For instance, a direct attack on Israel by Iran would likely prompt an Israeli attack on Iranian soil, while an escalation through Hezbollah could compound the risks of a regional war, Lund said.
“Iran may also start to put more pressure on US troops in the region, as they have done in the past. It would be a way to do something visible and to incentivise US efforts to restrain Israel.
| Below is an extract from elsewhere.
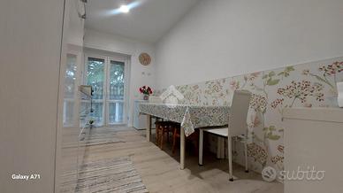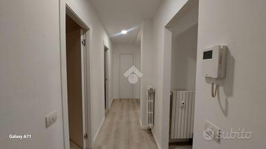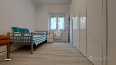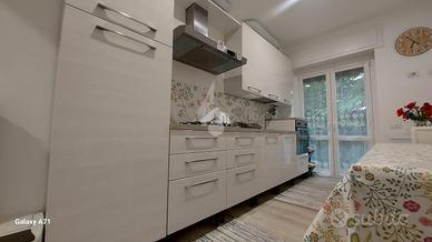 In complesso condominale circondato da ampi spazi verdi e da un generoso parco privato proponiamo soluzione di tre locali finemente ristrutturata. L'appartamento è posto al terzo piano di una palazzina sprovvista di ascensore; la porta d'ingresso apre sul comodo disimpegno che da accesso a tutti gli ambienti; troviamo infatti il generoso soggiorno con affaccio sul primo balcone, la cucina abitabile completa di secondo balcone, il bagno padronale con box doccia, le due camere matrimoniali ed infine un comodo ripostiglio, ideale anche come angolo lavanderia. L'immobile è stato da poco completamente rivisto, i serramenti sono tutti in PVC a triplo vetro, la nuova pavimentazione da continuità a tutti gli ambienti, le porte interne sono state tutte sostituite e l'immobile è già completo di aria condizionata in ogni ambiente. A completare la soluzione il box.

But there are limits to how far they’ll want to go against the Americans,” he said, pointing to attacks on US interests dying down after a major escalation in February.
Yet, Julien Barnes-Dacey, director of the Middle East and North Africa programme at the European Council on Foreign Relations, said the Israeli escalation will make it difficult for Tehran to refrain from more serious retaliation.
“Over recent months, we’ve seen an Iranian desire to keep the situation in check and prevent a broader unravelling and conflict, but Tehran may now feel compelled to respond more forcefully to defend the credibility of its deterrence posture,” he told Al Jazeera.
“Iran is unlikely to put much credence in Western public statements condemning the attack given continued strong backing for Israel, including through the ongoing provision of weaponry that Israel is using in Gaza and the region.”